Brown has proven to be far more than a one-hit wonder this year while saddling winners at a 22 percent clip, primarily on the New York circuit.
“I may apply something I learned from Shug; I might apply something I learned from the vet, or something about the business I learned at Cornell,” the serious-minded Brown said, “but the whole thing is Frankel’s operation.”
Brown, who got to learn about training world class thoroughbreds while working with the likes of the Frankel-trained Ghostzapper, Intercontinental, Empire Maker and Medaglia d’Oro, learned the value of patience from his mentor.

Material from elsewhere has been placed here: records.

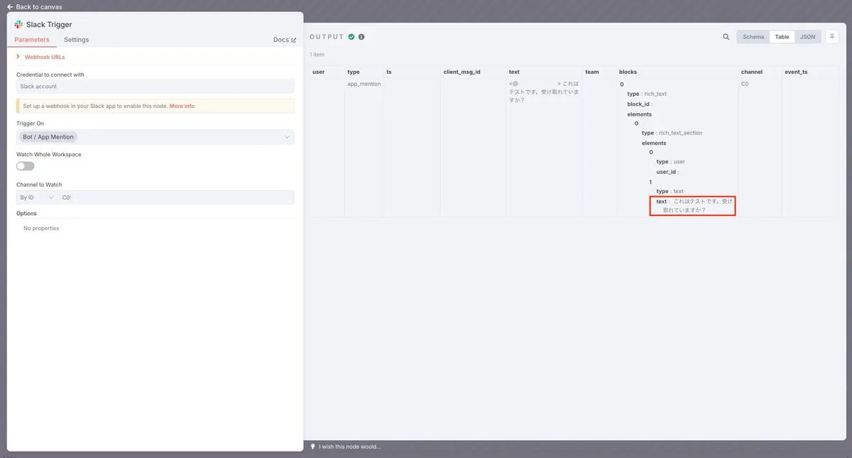 Slackでbotにメンション付きのメッセージを送信すると、n8nのワークフローが起動し、そのメッセージ内容を取得できます。
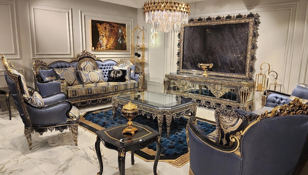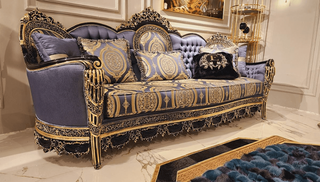 Rich blue upholstery combined with striking gold accents, creating a regal and sophisticated aesthetic
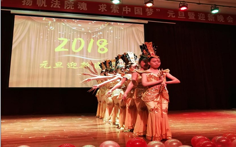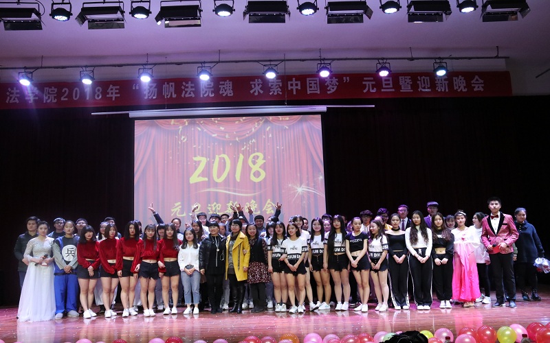 12月12日晚,437bwin必赢国际官网在大学生活动中心成功举办了以“扬帆法院魂,求索中国梦”为主题的2018年元旦暨迎新晚会。437bwin必赢国际官网党委副书记郑建村、副院长胡海涛出席,437bwin必赢国际官网全体辅导员和500余名同学共同观看了晚会。

Maram went unraced for more than eight months following her Breeders’ Cup success due to a variety of minor physical issues. The daughter of Sahm returned to action with a victory in a minor stakes at Saratoga on Aug. 8, before suffering her first career defeat during a third-place finish in the Pebbles Stakes at Belmont. In that race, she rallied to miss victory by just a neck after starting slowly and being forced to race extremely wide.
“This year she’s done what you like to see horses do. Sometimes you see good 2-year-olds and they never progress to 3. A lot of it is physical attributes. They don’t grow; they don’t change, they get worse mentally,” Brown said. “This filly has improved in every area from 2 to 3. She grew in size; she relaxed mentally; she got stronger; these are things when you have a 2-year-old turn 3 you take for granted. You assume that they’ll do that, but they don’t.”
Maram will be taking a huge step up in class for her third start of the year, which accounts for her 12-1 odds in the morning line for the Filly & Mare Turf, which attracted defending champion Forever Together, multiple Grade-1-winner Magical Fantasy and European stakes-winner Midday.
Forever Together, the 5-2 morning-line favorite, has been upset in her last two starts, including a third-place finish in the First Lady over a soft turf course.
“To me she’s been as good as she’s ever been. Some people, some friends in the media, claim she’s lost a step, but I don’t actually think she has,” Hall of Fame trainer Jonathan Sheppard said. “She seems fine to me.”